● TASK DIRECTIONS: Skip the pictures and restate, word for word, the lines from the one containing "プレスティーナ通りとカシリー" to the end of the data below.

● EXERCISE INPUTS:
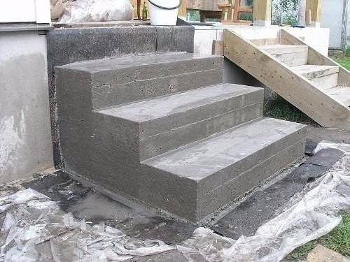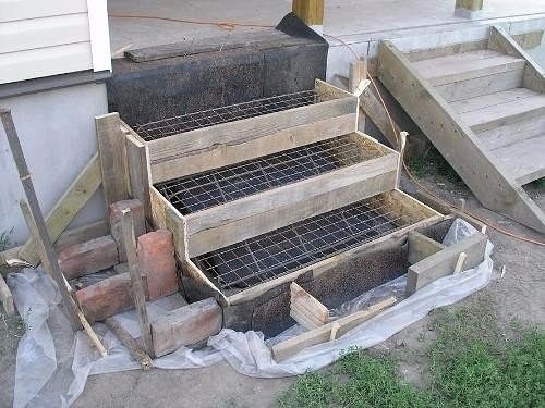Теперь можно переходить к непосредственному заливанию бетона. Укладывать его лучше сразу же после извлечения из бетономешалки, если есть возможность разместить ее радом с возводимым крыльцом. Раскладывать бетонную смесь следует с нижнего яруса, постепенно доходя до самой высокой ступени. Раствор должен слегка утрамбовываться, чтобы в последствии не допустить образование пустот. Снимать опалубку можно только после полного застывания готовых ступеней, не ранее чем через 7 дней.
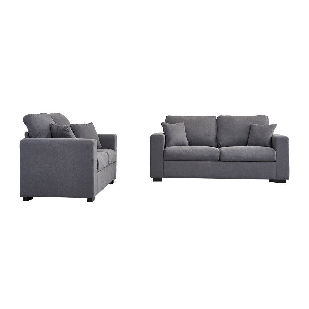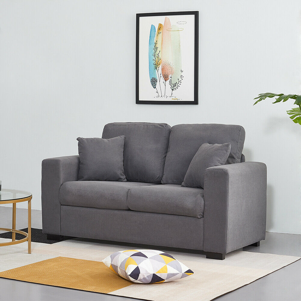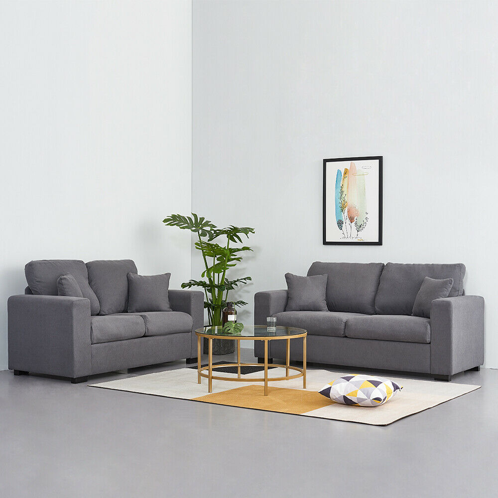 Luxury 2, 3 Seater Linen Fabric Sofa Lounger Couch Settee Armchair with 2 Pillow
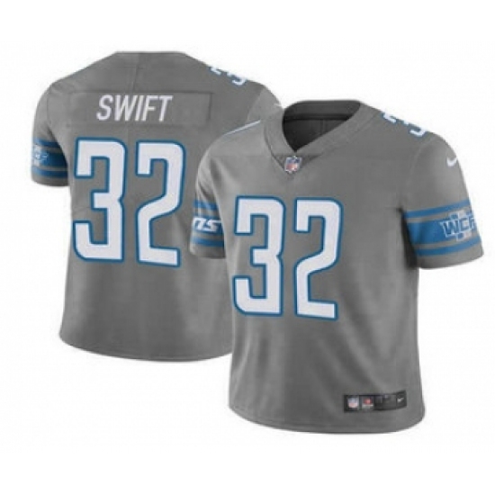 >Men's Detroit Lions #32 DAndre Swift 2021 Gray Vapor Untouchable Limited Stitched Jersey
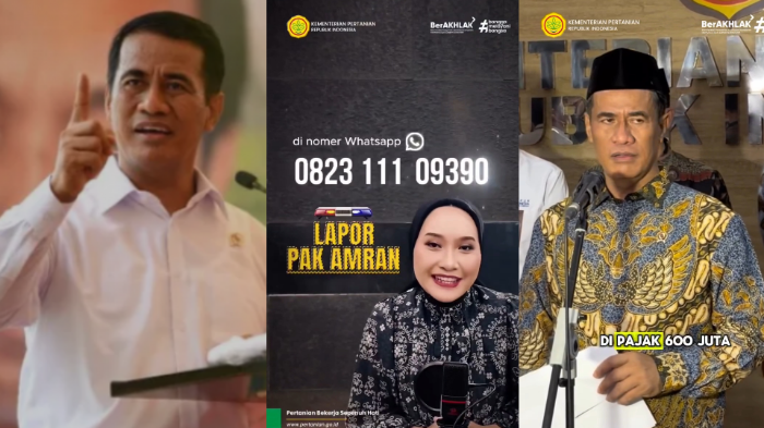 Kolase foto Menteri Pertanian Amran Sulaiman dan Kontak Layanan Pengaduan Masyarakat Lapor Pak Amran. Foto : tangkapan layar video Kementerian Pertanian/int. Minggu 30 November 2025.
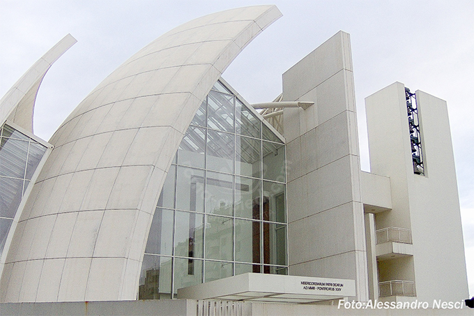 プレスティーナ通りとカシリーナ通りに挟まれたアレッサンドリーノ地区にある2000年代に建設された白の印象が強い教会は、2000年のジュビレオ聖年に教皇ヨハネ・パオロ2世の依頼により誕生した神の慈悲教会です。2003年に完成しました。
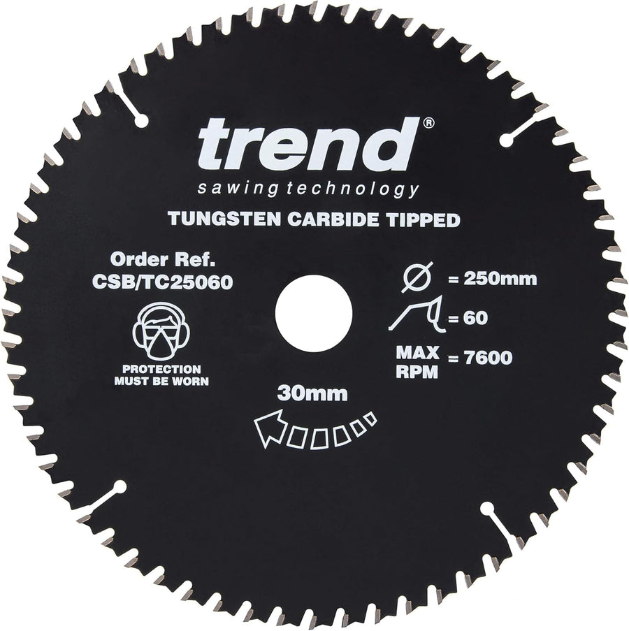 Trend Craft Pro Sägeblatt – 250 mm Durchmesser 30 mm Bohrung 60 Zähne TCT
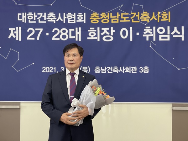 충청남도건축사회 제28대 정광영 회장 취임식이 3월 25일 충남건축사회관 대회의실에서 전임 김양희 회장의 이임식과 함께 개최됐다.
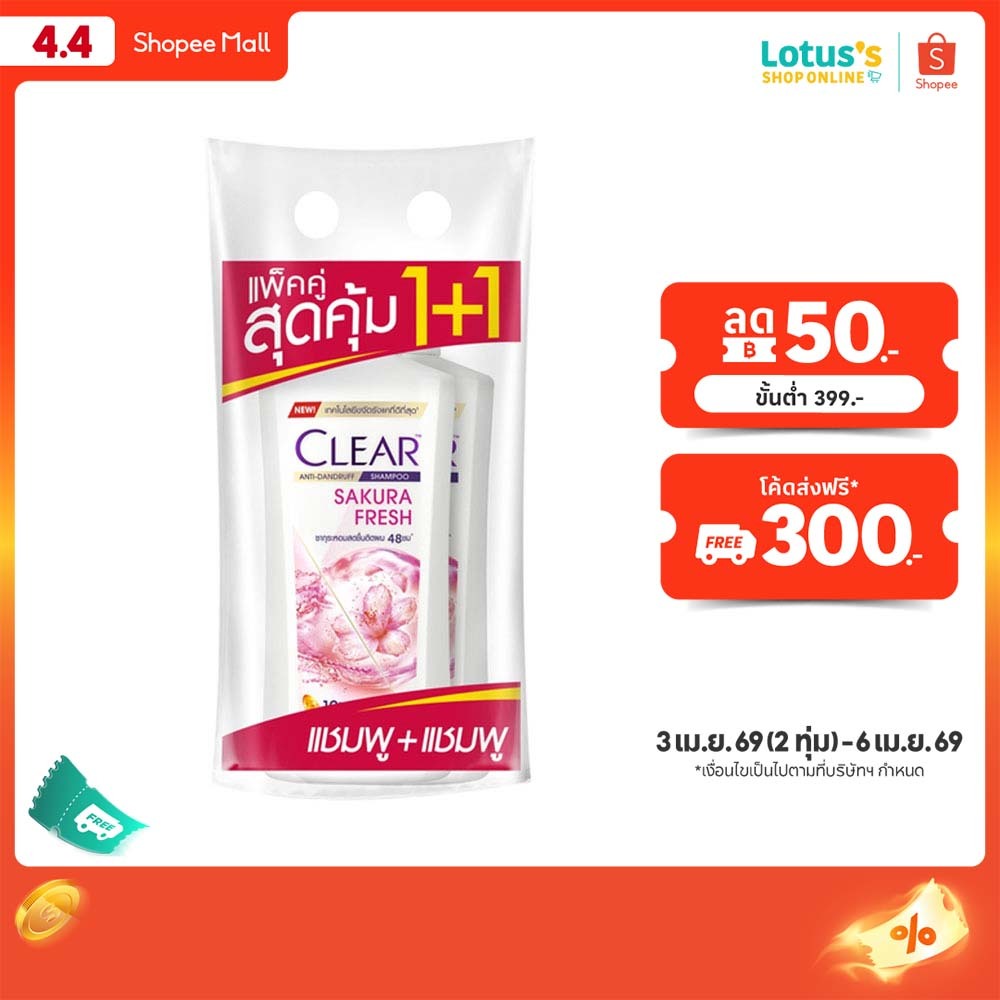 เคลียร์ แชมพูขจัดรังแค ซากุระ เฟรช 370 มล.X2 CLEAR SHAMPOO SAKURA FRESH370ML.TWINPACK

● OUTPUT OF THE TASK:
 プレスティーナ通りとカシリーナ通りに挟まれたアレッサンドリーノ地区にある2000年代に建設された白の印象が強い教会は、2000年のジュビレオ聖年に教皇ヨハネ・パオロ2世の依頼により誕生した神の慈悲教会です。2003年に完成しました。
 Trend Craft Pro Sägeblatt – 250 mm Durchmesser 30 mm Bohrung 60 Zähne TCT
 충청남도건축사회 제28대 정광영 회장 취임식이 3월 25일 충남건축사회관 대회의실에서 전임 김양희 회장의 이임식과 함께 개최됐다.
 เคลียร์ แชมพูขจัดรังแค ซากุระ เฟรช 370 มล.X2 CLEAR SHAMPOO SAKURA FRESH370ML.TWINPACK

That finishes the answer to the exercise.